マラッカ海峡で日本のタグボート『韋駄天』の乗務員3人が海賊により拉致される事件が起こった。
マラッカ海峡での海賊の跳梁は01年頃がピークであり、しばらくは減少傾向にあったが、スマトラ島沖の巨大地震の前まで増える傾向にあったという。12日にも同種の事件が起きていた。
マラッカ海峡の安全問題については、昨年米国がテロの標的になることを予見し、海峡警備に介入しようとしていた経緯がある。
イラク戦争に反対であり、イスラム諸国会議機構(OIC)の議長国であるマレーシアは、英、豪、ニュージーランド、シンガポールとの5カ国防衛協定があることを理由に米国の介入を断り、独自に沿岸警備隊を設立して、警備の強化に当たってきた。
おそらくシンガポールは、本心では米国の介入を望んでいただろうが、マレーシアが沿岸警備隊を設立するという説得に折れたのであろう。しかしながら、インドネシアを取り込む枠組みがなく、まだ片手落ちだといわざる得ない。
海賊はインドネシア人によるものがほとんどだ。海賊行為は金品の収奪や身代金が目的で、乗組員の命までは奪わないであろうと考えられる。
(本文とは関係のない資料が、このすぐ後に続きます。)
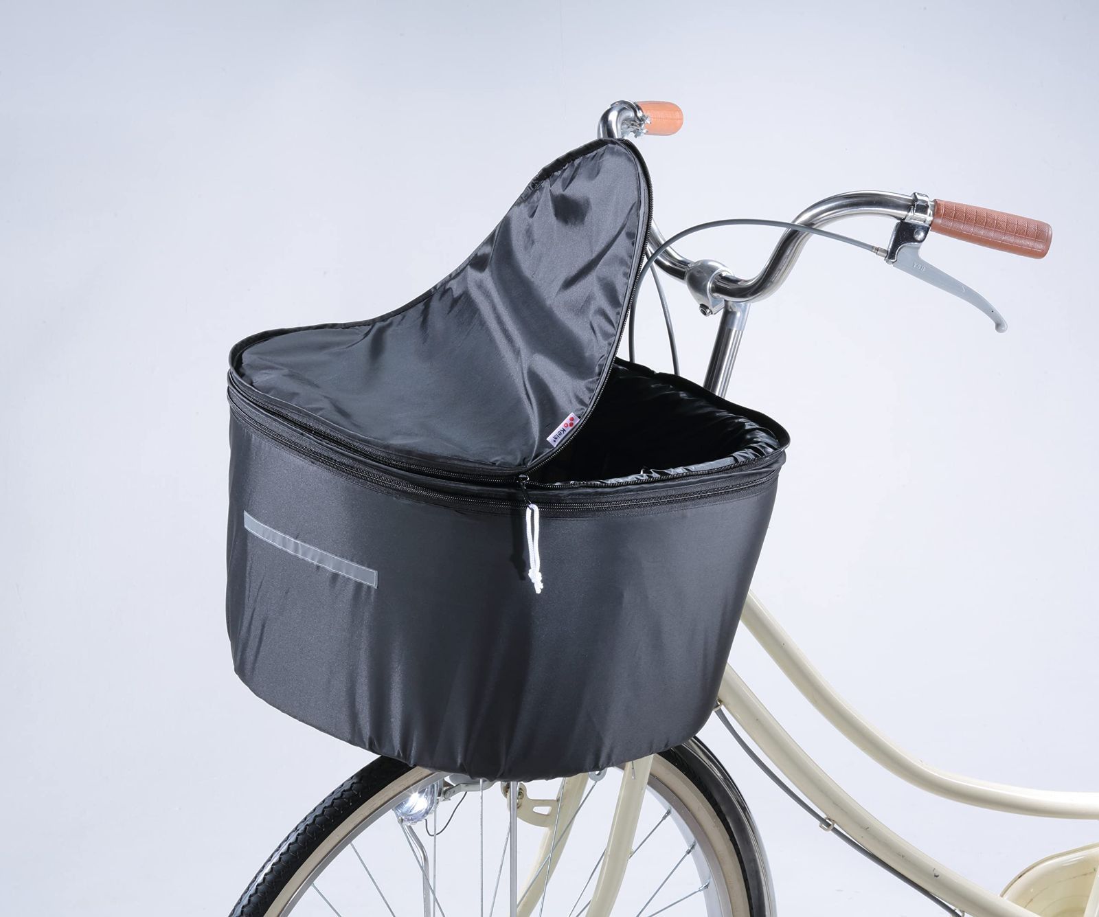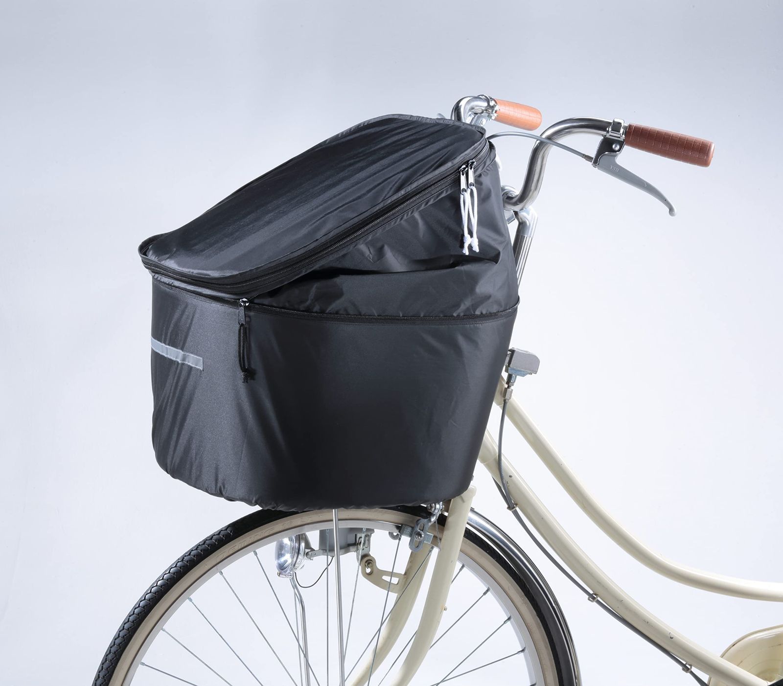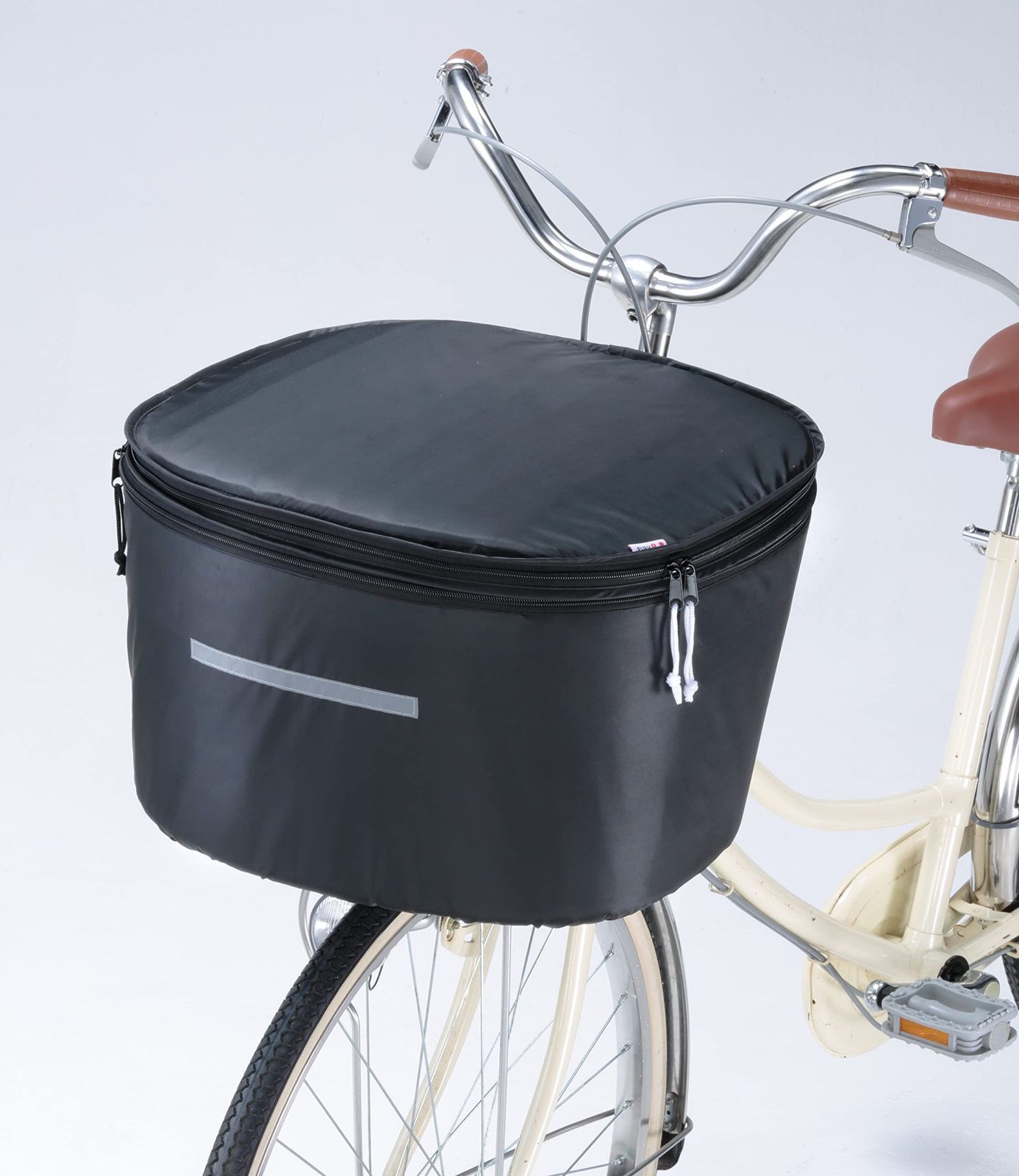 本体・ファスナーの色もオールブラックで、男性にもご利用いただけるシンプルなデザイン。 道も安心の反射帯付き。たっぷり収納できる2段式カゴカバー。 の日も安心な防水&撥水加工。両開きで開閉楽々。背面伸縮ゴム入り。 ・夜道も安心の反射帯付き。 ・たっぷり収納できる2段式カゴカバー。 ・雨の日も安心な防水&撥水加工。 ・両開きで開閉楽々。 ・背面伸縮ゴム入り。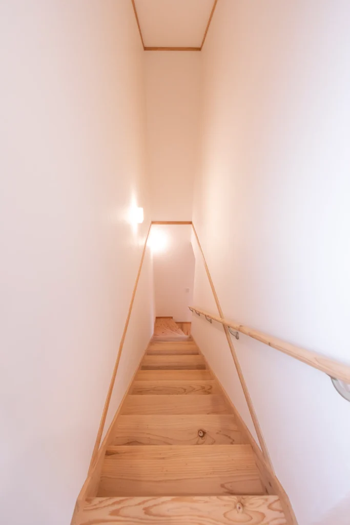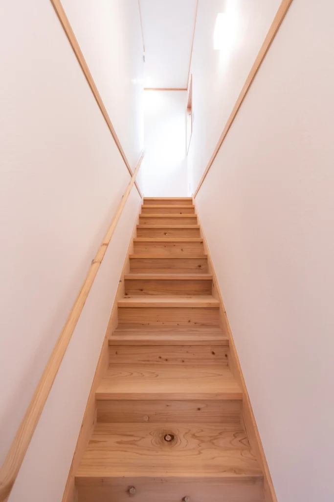 階段は、空間を上手に活用した収納も設けられ、使い勝手の良さと見た目の美しさをあわせ持った才色兼備の仕上がりです。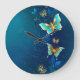 Goldene Schmetterlinge auf einem blauen Hintergrun Große Wanduhr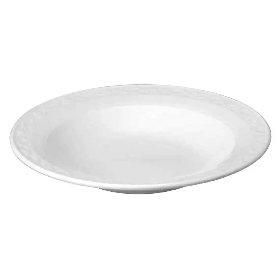 The Chateau collection features a contemporary elegant shape, delicately embossed with an Art Nouveau inspired intertwining leaf pattern around the rim. These soup bowls, as well as the full range of items available combined with the excellent durability and style; make the collection perfect for banqueting. All feature a fully glazed foot which help to prevent damage to the crockery when stacked.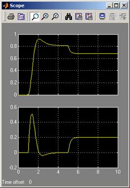 Рисунок 3.2б. Результаты моделирования ДПТ с независимым возбуждением Модель имеет два входа управления: (Uя) – управление по цепи якоря, (С/в) – управление по цепи возбуждения и один вход по возмущению (Мн) – возмущение по моменту нагрузки. Блок (TransferFcn) моделирует цепь возбуждения (постоянная времени цепи Тв = 0,5 с). Блок (TransferFcnl) моделирует цепь якоря (постоянная времени Т = 0,02 с). Блоки (Product, Product1) реализуют умножение в соответствии с уравнением 2 и 3 системы (3.3). Блоки (Sum1, Gain, Integrator) реализуют третье уравнение системы (3.3). На рис. 3.2 бпредставлены результаты моделирования двигателя, управляемого по цепи якоря. Управление по цепи возбуждения подается намного раньше для того, чтобы к моменту подачи управляющего и возмущающего воздействия поток в машине уже установился. Как следует из рис. 3.2б, все время моделирования принято равным 10 с, сигнал по управлению подается спустя 2 с с начала моделирования, а возмущение – спустя 5 с с начала моделирования. На рис. 3.2 бпредставлен переходной процесс по моменту и по скорости. В двигателе с независимым возбуждением поток можно считать постоянным. В этом случае модель двигателя упрощается, такая модель представлена на рис. 3.3. В дальнейшем эта модель будет использована для синтеза электропривода при управлении по цепи якоря.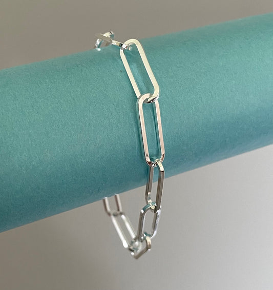 Bracelet Extra Thick 6mm Paperclip Squared Link Solid 925 Sterling Silver Italy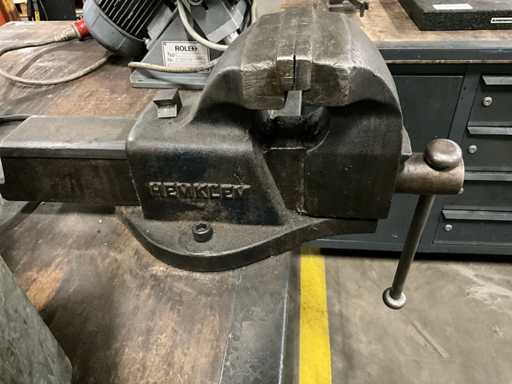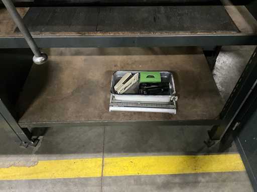 Wyposażony w 1 szafkę, 4 szuflady i różne rzeczy z imadłom zaciskowym, oświetleniem i różnymi dodatkami na stole roboczym, bez maszyny szlifierskiej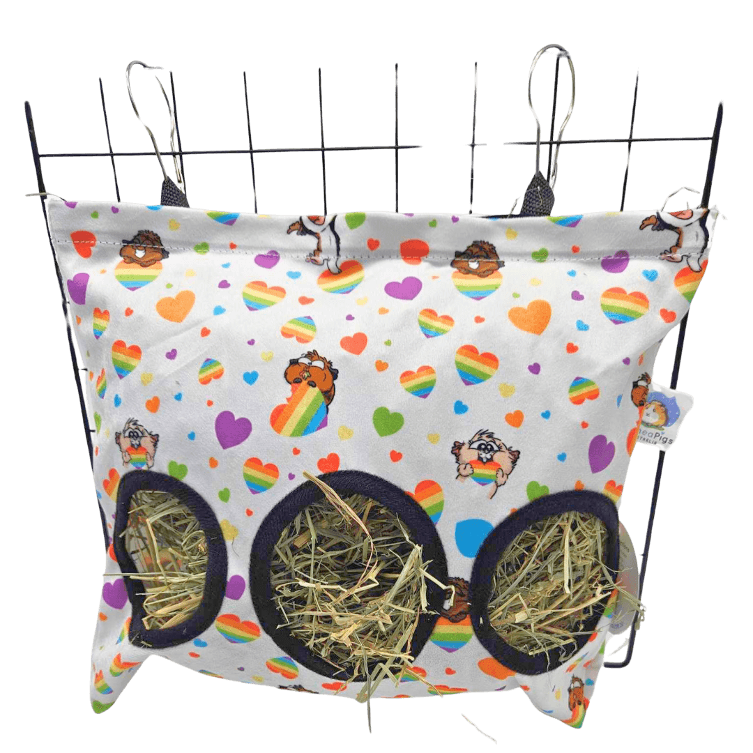 Ozzy Cages Hay Sack Rainbow Hearts Guinea Pig Hay Feeder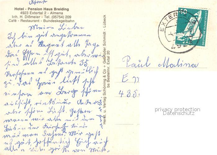 73722544 alte Postkarte Almena Hotel Haus Breiding Teilansichten Pool Terrasse postalisch gelaufen Erhaltung siehe scans [LiesaD40] KatCode: 11110005766028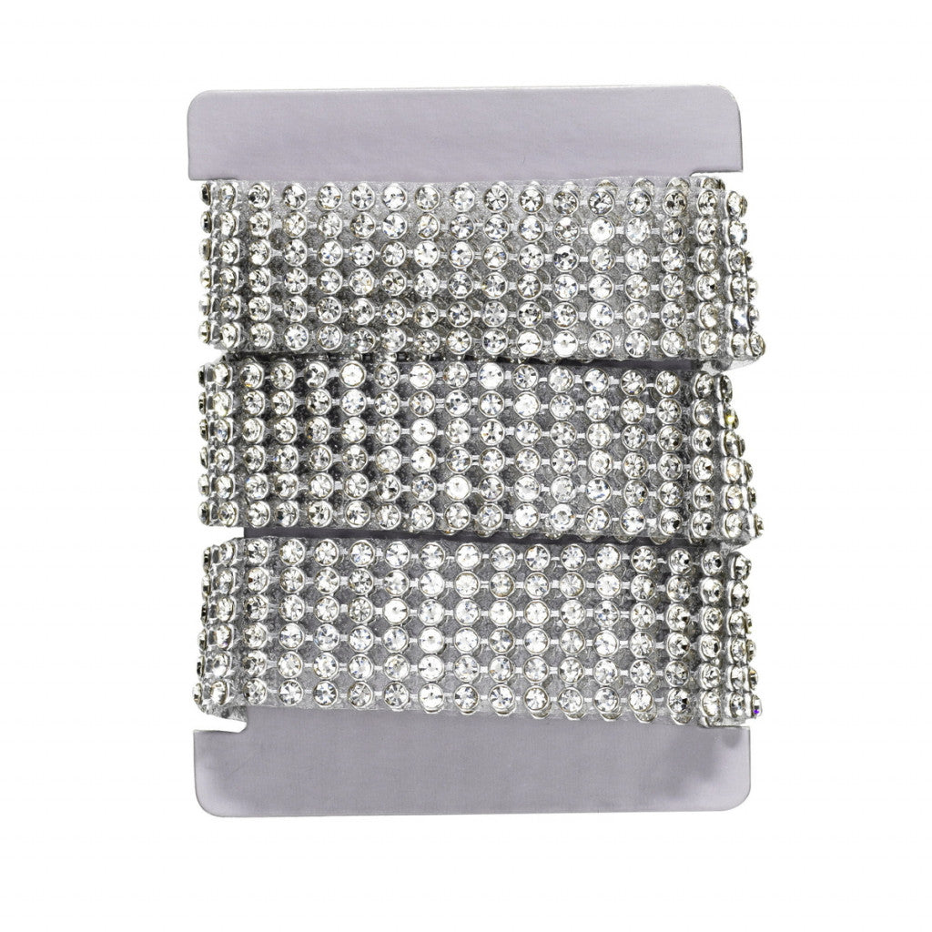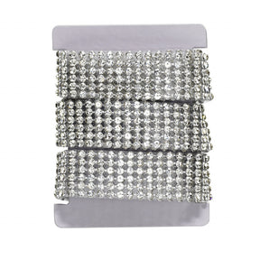 Iron-on strassbånd, 1 meter langt og 2 cm bredt, med en mengde gnistrende strass som lengter etter å blinge til ditt neste prosjekt! Klipp til ønsket lengde og bredde, finn frem strykejernet og still det inn på bomullstemperatur. Plasser objektet som skal utstyres med bling på et strykebrett eller et annet plant underlag, legg strasslengden med limsiden ned og dekk deretter strasset med et litt tykkere stoffstykke, for eksempel et kjøkkenhåndkle. Press strykejernet mot området i 25–30 sekunder og fjern stoffstykket – voilà, du har et vakkert gnistrende stjernedryss! Strassbåndet bør ikke brukes på skinn, PVC og plastmateriale som ikke tåler å strykes. Tåler å vaskes på 40 °C, men objektet må vrenges eller legges i vaskepose.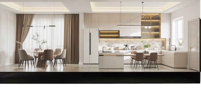 01法式奶油风客餐厅,厨房橱柜中岛岛台开放厨房,现代沙发茶几

しかし、インドネシアが真剣にならない限り、マラッカ海峡の安全維持はおぼつかないことが明らかになった。
世界の半数のタンカーが行き来するマラッカ海峡がF.フォーサイスの『悪魔の選択』のようなシナリオの舞台になるとも限らない。巨大タンカーがテロリストの手に落ちたら、世界を屈服させる大事件になる。
安全は国土だけのものではないことをあらためて思い知らされる。